Another thing that happened was heartburn last year, although I just had a Chest Xray and Upper GI and they found no ulcers. No results from the H.pylori test yet. Zantac only helped a little bit at first and then stopped, and I started to develop canker sores in my mouth that were quite painful, so I switched to Omeprazole . Omeprazole was only mildly effective even on two doses a day. If I didn't take Omeprazole I started to develop canker sores again.

In very recent weeks it progressed to more brain freezes and outright stupidity, dog-tired exhaustion. Could sleep forever but not great relief. The air hunger was still there but I didn't care I was so exhuasted.

So I had a test run and they put me on the generic (even tho I wanted brand they said they're close now ). Levothoroxine, 50 mcg. They want my TSH below 5. As you can see I am just barely in the range on Free Thyoxine (1.03 when the low point is 1.0) but I don't know if being on the low end in this case is good or bad.

It's the third day and I am less exhausted I suppose but the air hunger is back more than ever.

Any thoughts? I don't think I'm any more 'stressed' than other people ..
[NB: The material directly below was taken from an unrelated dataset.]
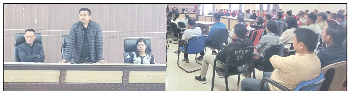
ULB elections dak sendakba ken o jembitsü asoshi ADC & Returning Officer, Mokochung Municipal Council ajanga Deputy Commissioner, Mokochung indang Conference Hall nung June 19, 2024 nü senden ka ayongzüka liasü, kong candidate ajak, party workers, All Ward Union nungi züngsemtem, GBs, Mokochung Town Lanur Telongjem, Sector Magistrates aser Sector Police Officers tem dena liasü.

nokdaksü, nibur asoshi inyaksü aser teti niburtem den alitsü, ta lai nangzüka liasü. La indang symbol "Battery

I should add when we discussed my results he felt for a goiter and could not feel one when I swallowed. Not as high tech as an ultra-sound I know (we're in the early stages on identifiying this so haven't gotten to that yet), but interesting. No visible signs from him looking at my neck either.


----------



## Lovlkn (Dec 20, 2009)

> So I had a test run and they put me on the generic (even tho I wanted brand they said they're close now ). Levothoroxine, 50 mcg. They want my TSH below 5. As you can see I am just barely in the range on Free Thyoxine (1.03 when the low point is 1.0) but I don't know if being on the low end in this case is good or bad. It's the third day and I am less exhausted I suppose but the air hunger is back more than ever.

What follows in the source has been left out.